Watkins believes successful marketers need to understand the human needs of their customers. In a Forbes article, she said marketers have to think of every day as their first day. She calls it “the curse of knowledge”.

“When you know something so deeply that it becomes habitually normal to you, it can be really hard to think about what the experience is of encountering it for the first time,” Watkins says. “I think we [Slack] have always placed an emphasis on marketing that's very authentic, marketing that's very human, marketing that really speaks to people in ways they can understand.

“We're only able to have an organisation that can achieve those things if we work to remember what it's like to be encountering Slack for the first time.”

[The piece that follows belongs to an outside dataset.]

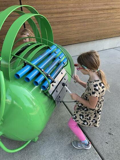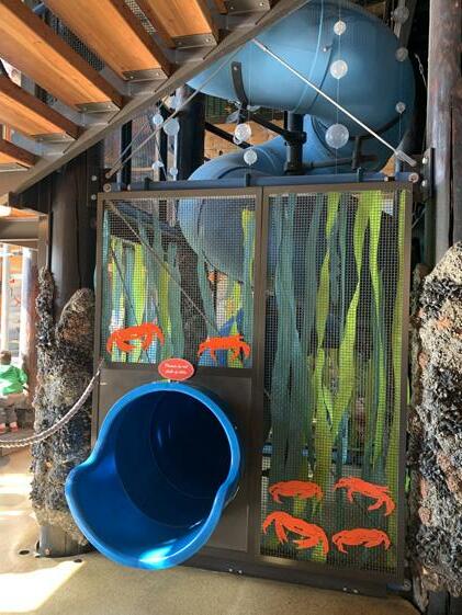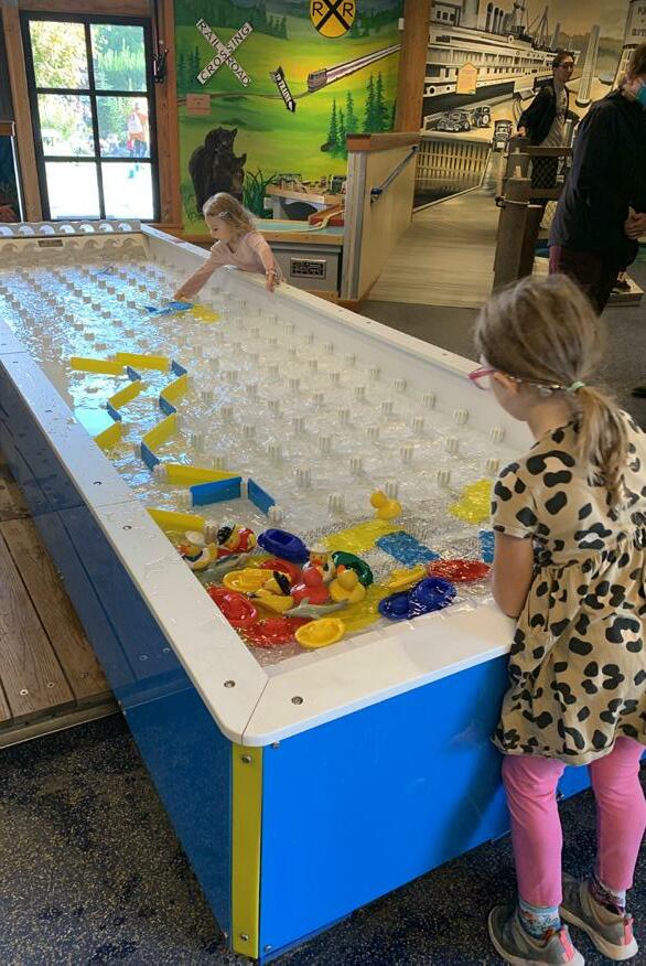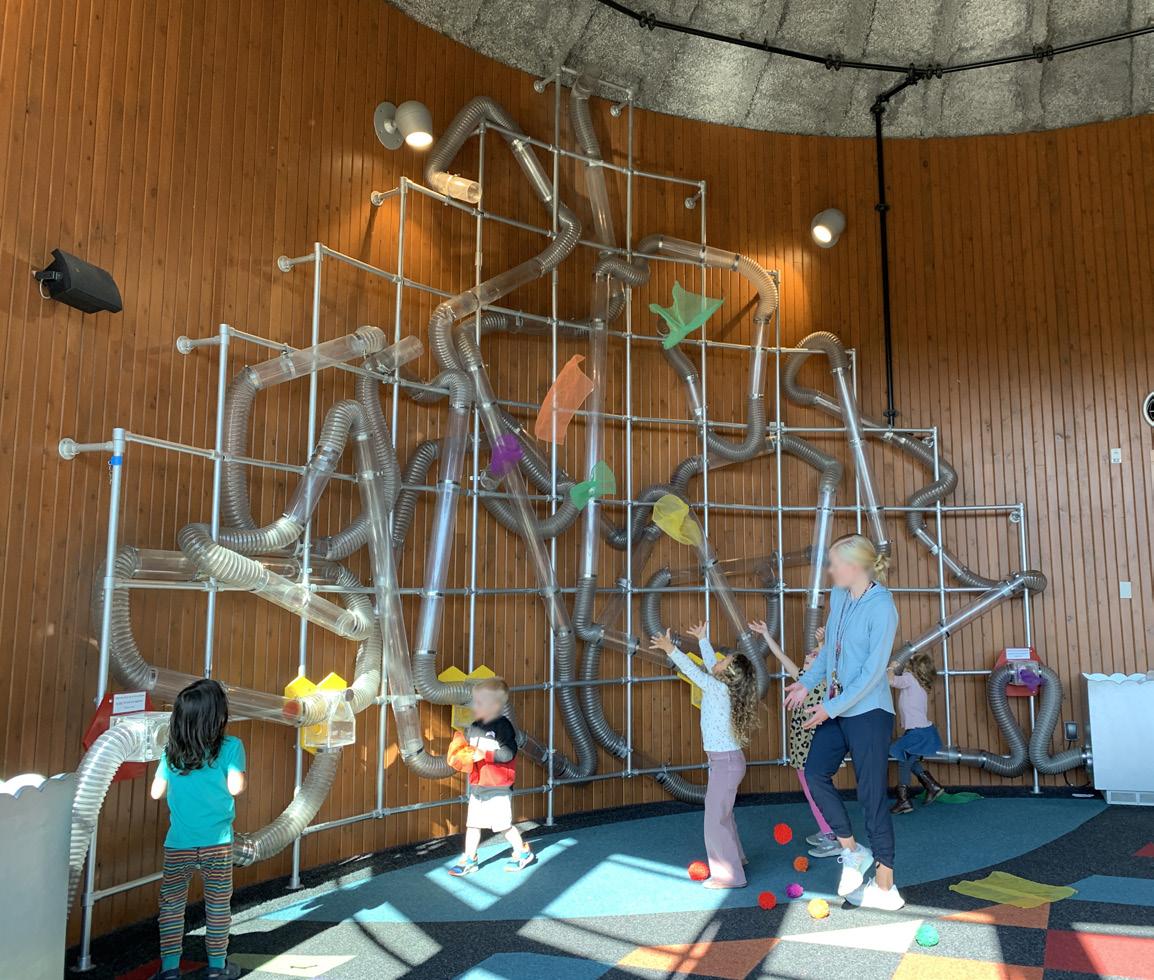 markers, recycled materials, and plenty of other supplies to create a unique masterpiece. “Fabulous Forest” invites kids to perform on stage and ascend into a Tree House. Snug Harbor is a safe and fun spot especially for toddlers and preschoolers. Connecting the floors of the huge museum is a play place-style climbing structure and slide. Because the day we visited was a sunny one, we got to spend a good chunk of our midday in the Outdoor Discover Center, a half-acre space featuring a lighthouse and schooner, children’s garden, dino dig, log scramble and even trikes and helmets available to borrow. On top of all of the exhibits and activities, the museum contains a café, lockers, nursing nooks and lots of grownup seating throughout, to keep families comfortable. Our girls loved the Ballcano Vortex and the dino dig—both tactile experiences that invited them to get their hands wet and dirty, in all the right ways! We probably could have stayed and played all day long, but we had more to explore, and just one day to do it.

Watkins encourages her team to participate in user research, by creating their own projects or working with others. “We’ve just had some marketers who went into exploratory research into some new countries we're considering localisation efforts – to really get that beginner's mindset.”

Slack marketers are asked to think about customer sign-up flows or take a day to create a new team on the platform. They are asked to consider what questions they had, what things they found confusing. Slack also has a program allowing anybody in the company to help answer customer support tickets.

“I think it's those intentional choices that encourage people to be close to the ground, close to our users,” she says. “It’s about putting themselves through the experiences those people are going through early on in their journey with our products.”

Watkins is concerned marketers are losing their "craft" by relying too heavily on data to shape their knowledge. "I think we're fortunate as an industry to have so many tools at our disposal," she says. "The [marketing] landscape of services and platforms is incredible. I think that has created this really interesting focus on the tools, above and beyond what you're trying to do with them.

"I think it's a challenge but one that can be overcome. For me, it's about remembering our first principles. At Slack, courtesy is a core value. The other piece is encouraging my team to reflect on experiences outside of marketing. What's it like to go to an incredible restaurant and have an experience that feels focused on you as a person and your dining experience?"

“You have to develop a profound level of empathy ... When you interact with audiences and their needs, that human-to-human connection comes out strongly.”

She encourages all marketers on her team to read Setting the Table, by New York restaurateur Danny Meyer, about hospitality in business. “It’s for leaders who are continuously working to automate parts of how their teams do marketing,” Watkins says.

“It’s something we have to do, but we have to match that automation with continually reminding folks that there are people on the other side of what we're doing. We need to think of those humans and treat them with courtesy and hospitality.”

This attitude has helped Watkins develop a view of what it takes to be a successful marketer today. "You have to develop a profound level of empathy, where you're thinking first and foremost about the people interacting with your business. When you interact with audiences and their needs, that human-to-human connection comes out strongly. I think it's hard not to see yourself in their shoes."

Watkins says this service-led attitude has been a major contributor to Slack’s ongoing success, and it permeates the business. “There's a real sense of humility inside Slack,” she says. “We're continuously optimising and reorienting what we do to improve [our customers’] lives. I think that's been a lot of the secret so far.”